Toward the very end of the regular season, I wrote a post entitled The 2012 Season In Inside Home Runs. It was what it claimed to be — it highlighted the most inside pitches to be hit for home runs, as determined by PITCHf/x. Though the season wasn’t yet completely over, nothing about the post would be different now. No extremely inside pitch was hit for a home run the rest of the way.
At the time, it looked like the post might mark the beginning of a series. Here we continue the series, because I am a man who keeps his promises, or what might be interpreted by some as promises. In this part two, we’ll look at the most outside pitches to be hit for home runs, as determined by PITCHf/x. Now, PITCHf/x didn’t properly capture every single pitch of the entire season, which means PITCHf/x didn’t properly capture every single home run of the entire season, but it captured nearly all of them. I’m pretty confident the list that follows is right on.
It was observed, after the inside-pitch post, that all six featured home runs were hit by righties. That seemed too strange to be a coincidence, but it was most certainly a coincidence. This post is going to feature five home runs, and four of them were hit by lefties. Curious, I looked at the 100 most inside home runs, and the 100 most outside home runs. That 100 was selected arbitrarily, but it’s a good-looking number. Now, right-handed batters accounted for 58 percent of all home runs hit this season. Of the 100 most inside home runs, 88 were hit by righties. Of the 100 most outside home runs, 25 were hit by righties. It isn’t impossible that this is a coincidence, but a likely contributing factor is that left-handed batters tend to get pitched more away, especially by right-handed pitchers. More outside pitches means more opportunities for outside home runs. It’s also possible that lefties in the majors are more able to drive outside pitches, since a lefty who can’t might get exposed right quick. Right now I’m speculating. The numbers are earlier in this paragraph.

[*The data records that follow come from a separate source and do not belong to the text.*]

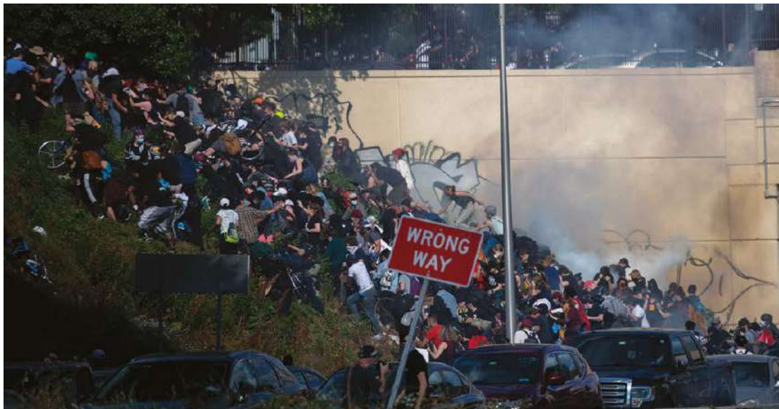
Philadelphia, PA – 1 June 2020: Protesters race up a hill after being shot by tear gas after a march on 1 June 2020 in Philadelphia, Pennsylvania.

Protester in the Vine Street Expressway, Philadelphia, USA, 1 June 2020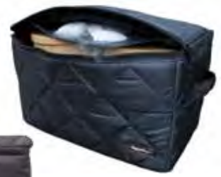
Dry ice pocket under lid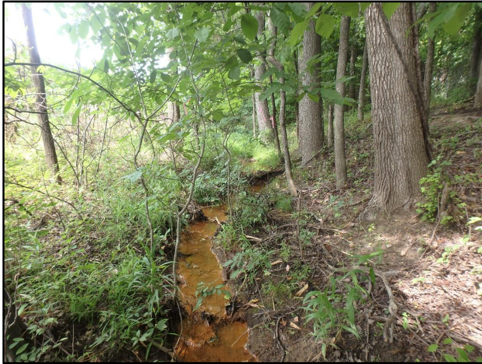
Waters 7T – Perennial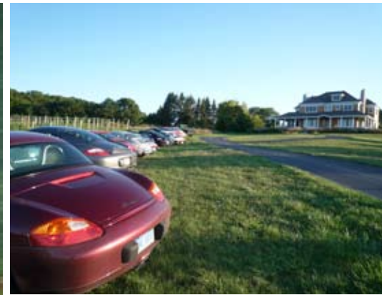
The view up the hill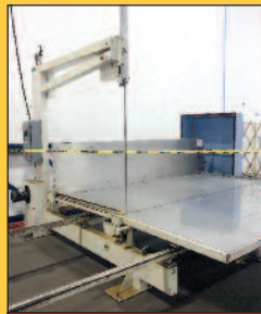
Ferry B-300 Splitter/Saw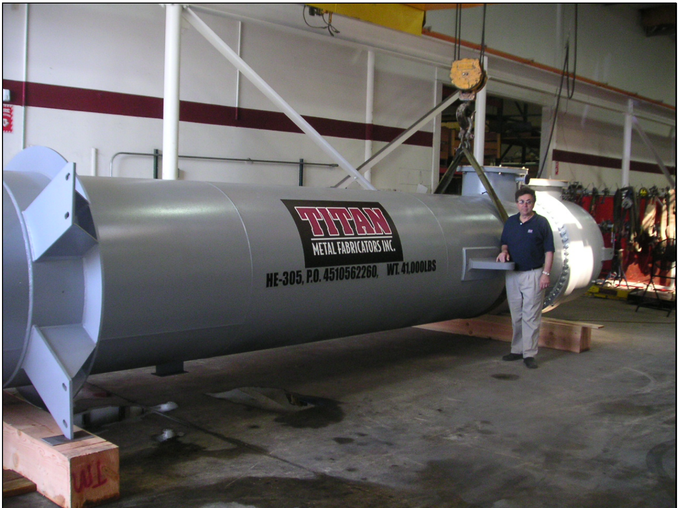
ONE OF THREE TITANIUM HEAT EXCHANGERS WITH EXPLOSION CLAD BONNETS FOR THE MANUFACTURE FOR PTA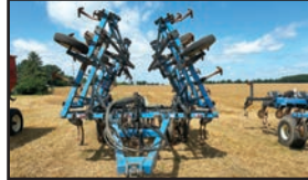
DMI Tigermate II 30 ft. field cultivator, 5 bar spike harrow with rear hitch and hydraulics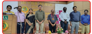
IMA Pudukottai Branch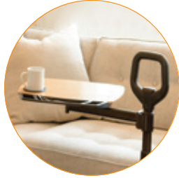
INCLUDES CUP HOLDER AND UTENSIL COMPARTMENT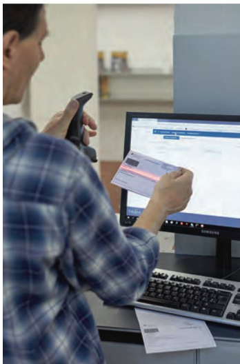
The main event of 2018 was the switch to a new library management system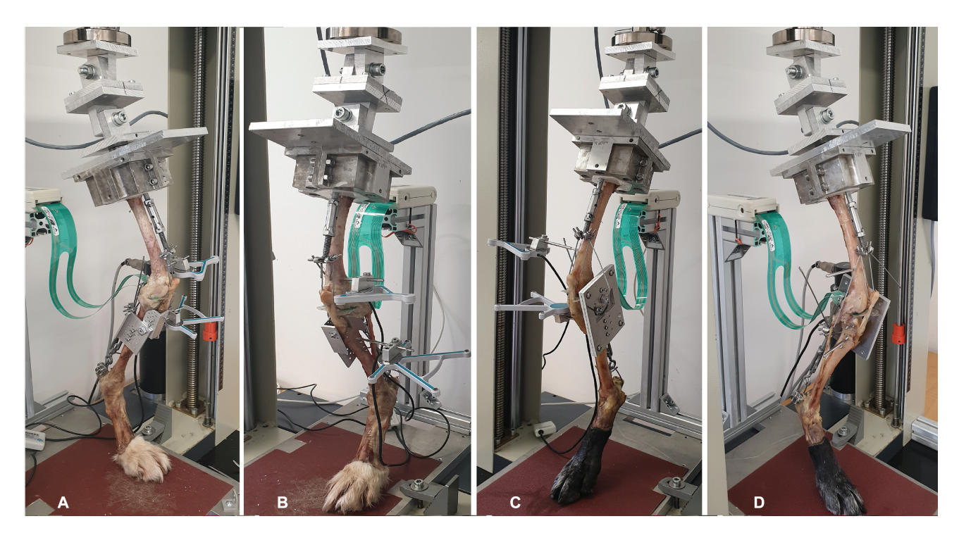
Fig. 2 Limbs ready for testing, with motion and pressure sensors in place (A: medial view with MMP-hinge plate in place, B: lateral view; C: medial view with TPLO-hinge plate in place, D: lateral view).

stifle, a new sensor was used and calibrated according to the producer's guidelines.

So we’ll move on to the five most outside home runs of the year. An inside home run is impressive, because the batter can get all the way around on the ball. An outside home run is differently impressive, because it requires tremendous early bat speed. Every hitter is probably capable of pulling a home run, but not every hitter is probably capable of drilling a home run on an outside pitch. The most ideal thing to do would be to calculate the distance between the pitch and the batter’s body, but since we can’t do that, we’ll go with the distance between the pitch and the center of the plate. Onward.
1.25 feet from the middle of the plate
The other four home runs on this list were all hit to the opposite field. This Utley home run was his least-pulled home run of the year, but it was still sort of pulled, even though the pitch was well outside. This is why it would be helpful to have the distance between the pitch and the batter’s body, because look at where Utley is standing in the image. He’s on the inner edge of the box, and one understands now how Utley gets hit by so many pitches. Between 2007-2009, Utley led the league in HBPs each year. In 2010 he started suffering from injuries. Left-handed batters seldom get pitched inside, but when they do, the pitch hits Chase Utley.
1.29 feet from the middle of the plate
1.29 feet from the middle of the plate
With the other four home runs in this list, we see the pitchers wheel around after contact to watch the batted ball in flight. Here’s Chris Sale after Cruz’s contact:
It was the bottom of the first inning, and the score was 1-1. Against Cruz, Sale missed away with a first-pitch slider that Cruz took. He missed away with a second-pitch changeup that Cruz took. He missed away with a third-pitch fastball, but Cruz swung at it and killed it to right-center field. The pitch was, without question, a ball, with runners on and the count 2-and-0. Cruz probably shouldn’t have swung at it. But he swung at it and he hit a home run off it. So, should Cruz have swung after all? Every batter, in certain situations, will look dead-red. Every batter will have a different idea of just what that means.
1.30 feet from the middle of the plate
According to the ESPN Home Run Tracker, this fly ball gained 27 feet of distance from the wind, and under standard environmental conditions it would have left exactly zero ballparks. It left one ballpark, and it turned a 9-5 game into a 9-8 game. This was a game the Red Sox had led 9-0 going into the sixth. The Red Sox would go on to lose 15-9. The Yankees scored once in the sixth, seven times in the seventh, and seven times in the eighth. The Red Sox dropped to 4-10, and that early there were questions about Bobby Valentine‘s job security. Then the Red Sox won six games in a row and everything was back to normal. Then the Red Sox played inconsistently and eventually started to suck and Bobby Valentine lost his job. That game on April 21 was quite the baseball game.
1.43 feet from the middle of the plate
This was the most outside pitch hit for a home run all season long. It was hit to left field by Choo in a full count against Scherzer. The pitch was a fastball in the mid-90s. It was located in just about the same place as the first pitch of the at-bat, which was a fastball in the mid-90s. That first-pitch fastball was called a strike. Just going to stop here and let you think about that one.